The vimrc is a simple plain text file. Open the filename specified in the sidebar and add one option per line using the option=value syntax (the ':' prefix is unnecessary). Indeed, this is the general principle for adding any Command-Line command in this book to your vimrc. For example:

" Set the boolean number option to true
set number
" Set the textwidth option to '78'
set textwidth=78
" Set the expandtab option to false
set noexpandtab

A single quotation mark (") introduces comments. They are ignored by Vim, but particularly useful for remembering what all of your preferences mean.

Even if you don't want to specify any options in vimrc you should still create it. On some systems Vim will act like the Vi editor in the absence of this file, which is unlikely to be what you want.

Discussion

The vimrc locations given in the sidebar are used for user preferences; there are also system wide vimrc files. User preferences take precedence over system preferences. This means that if you change an option set in the system vimrc, your preferences will be respected. However, if the system vimrc sets an option differently from the Vim defaults, and you don't include it in your vimrc, the system preference will be used.

The example vimrc above is very basic. They can also include functions, conditionals, and anything else Vim's scripting engine supports. For a simple example look at the usage of :autocmd in the Using Templates recipe.

If your configuration becomes complex you may want to split it over multiple files. You can instruct Vim to include these files in your configuration by adding a source file line to vimrc for each config file. See Abbreviating Common Strings for an example.

If you want a different configuration for a specific project you can :set exrc then include a .vimrc (or vimrc on DOS and MS Windows) in the project's directory. This takes precedence over your vimrc, and will be used when you edit files in that directory.

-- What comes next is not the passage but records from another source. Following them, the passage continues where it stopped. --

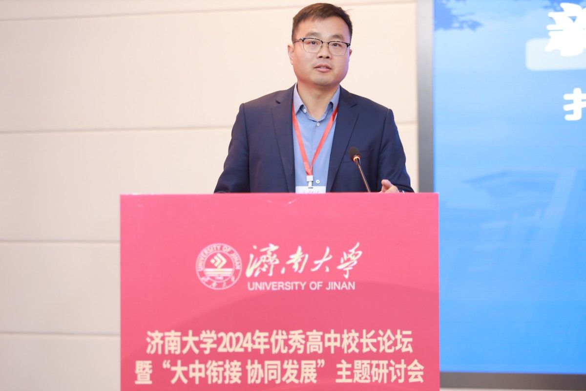 山东省教育招生考试院副院长张明坤首先肯定了sunbet申搏官方网站在山东省教育发展事业中做出的突出贡献。他表示,山东省教育大会上强调“聚力加快高质量教育体系建设,着力办好公平优质的基础教育、自强卓越的高等教育”,山东省建立健全高等教育和高中教育联合培养机制,大学与中学衔接,共商人才选拔和教育大计的工作至关重要。本次论坛以“大中衔接 协同发展”为主题,搭建了高校和高中深度交流的平台,也体现了sunbet申搏官方网站在教育模式改革探索中的使命担当。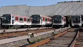 Як рухомий склад використовуються вагони 81-717/714 , 81-717.5/714.5, Еж3, Ем-508Т, Ема-502 і 3 вагони типу Е, в 2005—2010 роках пройшли модернізацію за чеським зразком, аналогічно вагонам 81-71 м, використовуваним в Празі. Модернізація включала в себе заміну електрообладнання, радикальну зміну салону і зовнішнього вигляду вагонів: на головні встановлювалася нові склопластикові маски, вагони перефарбовувалися в сріблясто-червоно-біле забарвлення.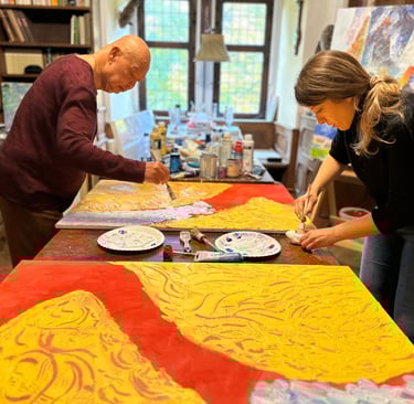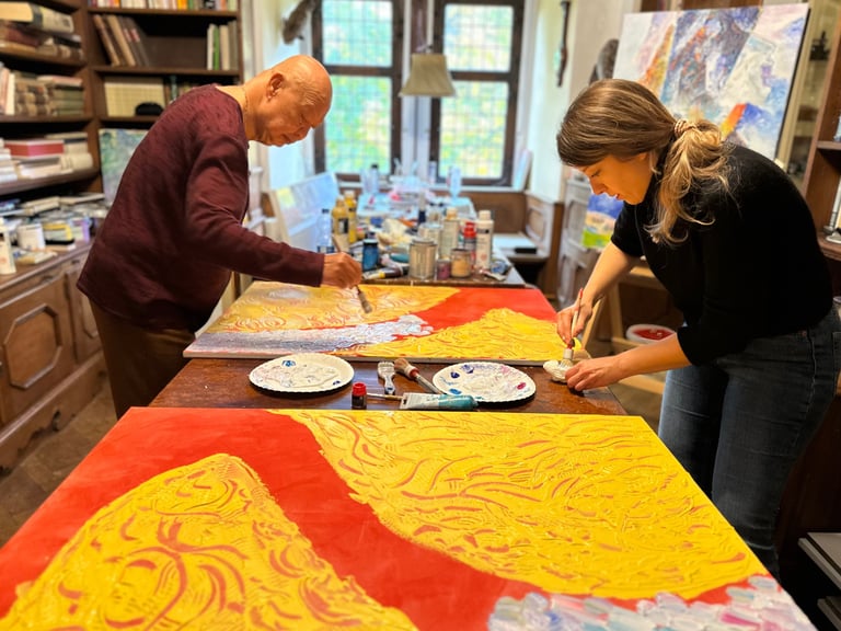 Seit 2023 vertiefe ich meine künstlerische Praxis durch die enge Zusammenarbeit mit dem renommierten buddhistischen Meister, Künstler und ehemaligen Kunstprofessor Amnart Klanprachar, der über viele Jahre in Bangkok lehrte.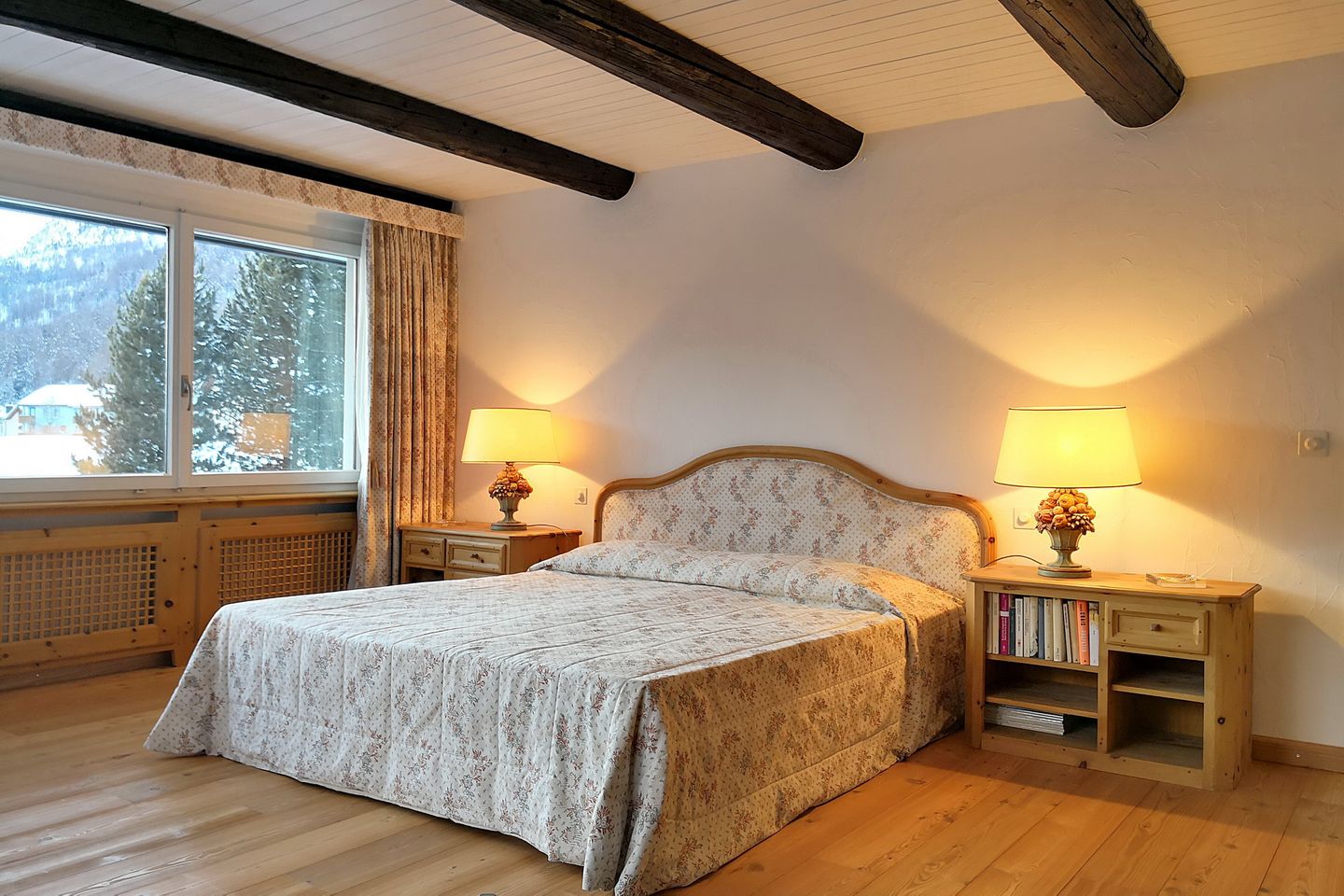 Die Wohnung verfügt über 2 Schlafzimmer mit je einem en-suite Badezimmer (Badewanne/Dusche). Das Elternschlafzimmer ist mit einem grossen Doppelbett ausgestattet. Das Schlafzimmer verfügt über viel Stauraum und einem wunderschönen Blick in die Engadiner Bergwelt. Das zweite Schlafzimmer verfügt über 2 Einzelbetten, welche auch als Doppelbett benützt werden können. Auf Anfrage stehen in diesem Schlafzimmer 2 weitere ausklappbare Einzelbetten zur Verfügung. Die Wohnung verfügt weiter über ein Gäste-WC. Die Küche ist komplett eingerichtet und in einem separatem Raum. Das Wohnzimmer ist sehr grosszügig gestaltet und ist mit einem grossen Chemineé ausgestattet. WLAN und TV stehen zur freien Verfügung.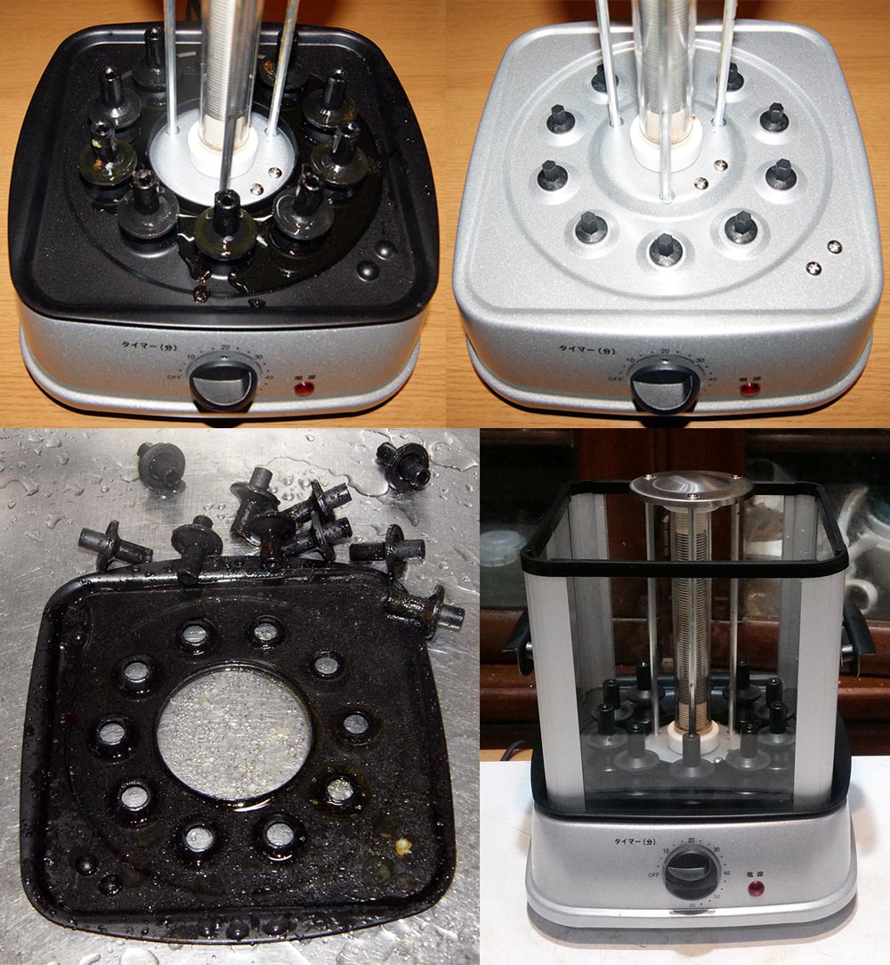 独り焼き鳥終了。黒色のドリッププレートとドリップカップを洗う、ガラスカバーも洗っておけばOKです。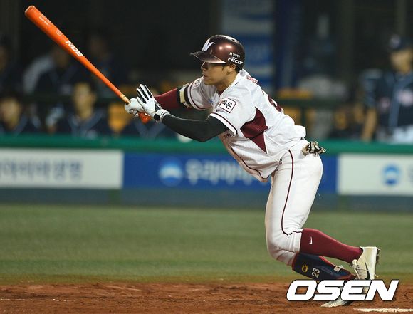 24일 오후 서울 목동야구장에서 '2013 한국야쿠르트 세븐 프로야구' 넥센 히어로즈 대 두산 베어스의 경기가 열렸다. 4회말 넥센 공격 2사 주자없는 상황 1번타자 문우람이 중전안타를 날리고 있다.
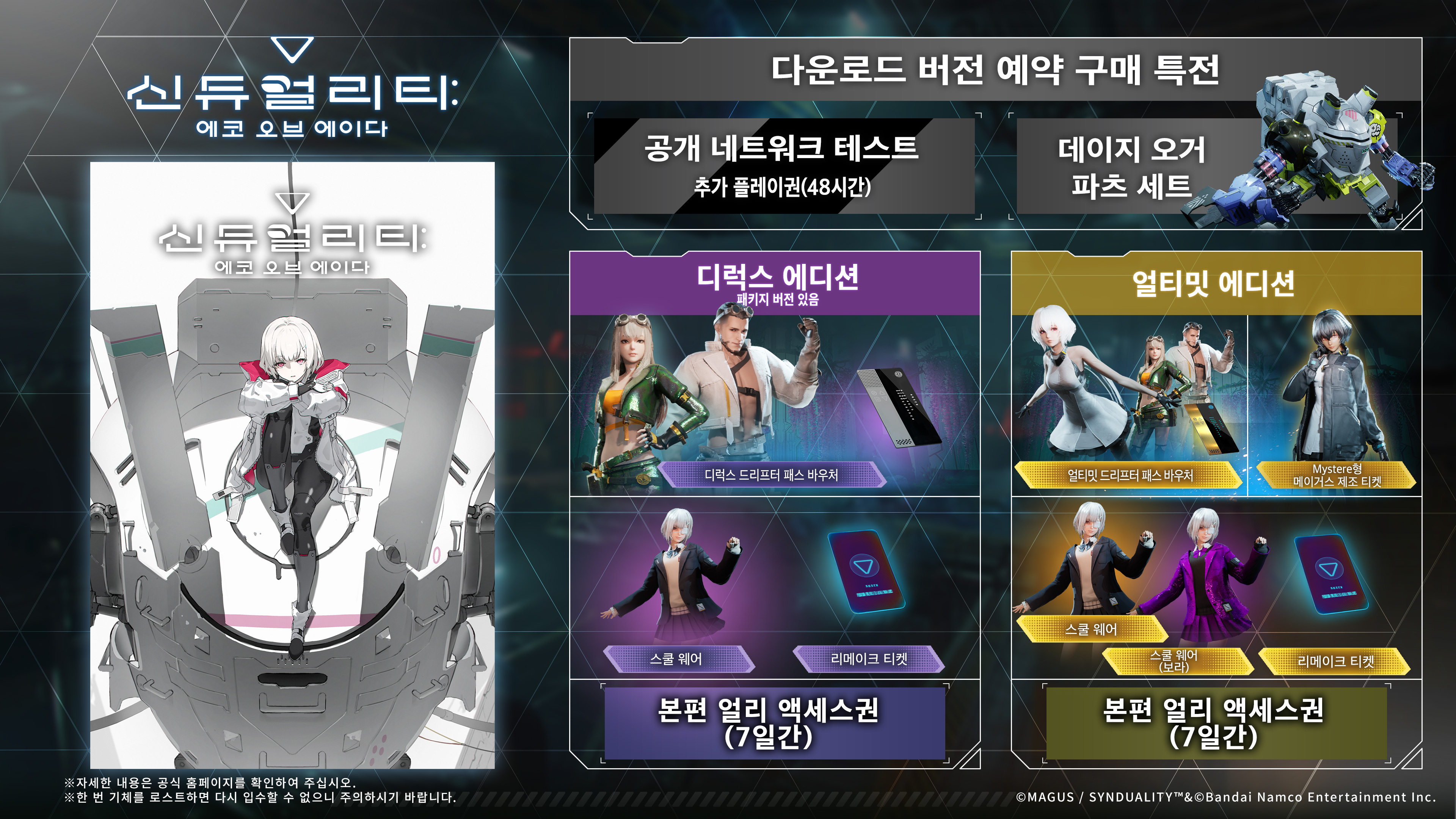 '신듀얼리티: 에코 오브 에이다'(한국어판)의 디럭스 에디션, 얼티밋 에디션을 예약 구매하면 본편을 최대 7일간 먼저 플레이할 수 있는 ‘본편 얼리 액세스권’을 입수할 수 있다.

Warning: There's the potential for security problems when using exrc. If a vimrc was placed in your project directory without you knowing -- as a result of unpacking an archive, for example -- it could be used to execute arbitrary commands under your user account. For this reason it's strongly recommended that you use :set secure in conjunction with exrc. This prevents the directory-specific vimrc files from executing potentially dangerous commands. The Vim documentation suggests adding set secure as the last line in your vimrc.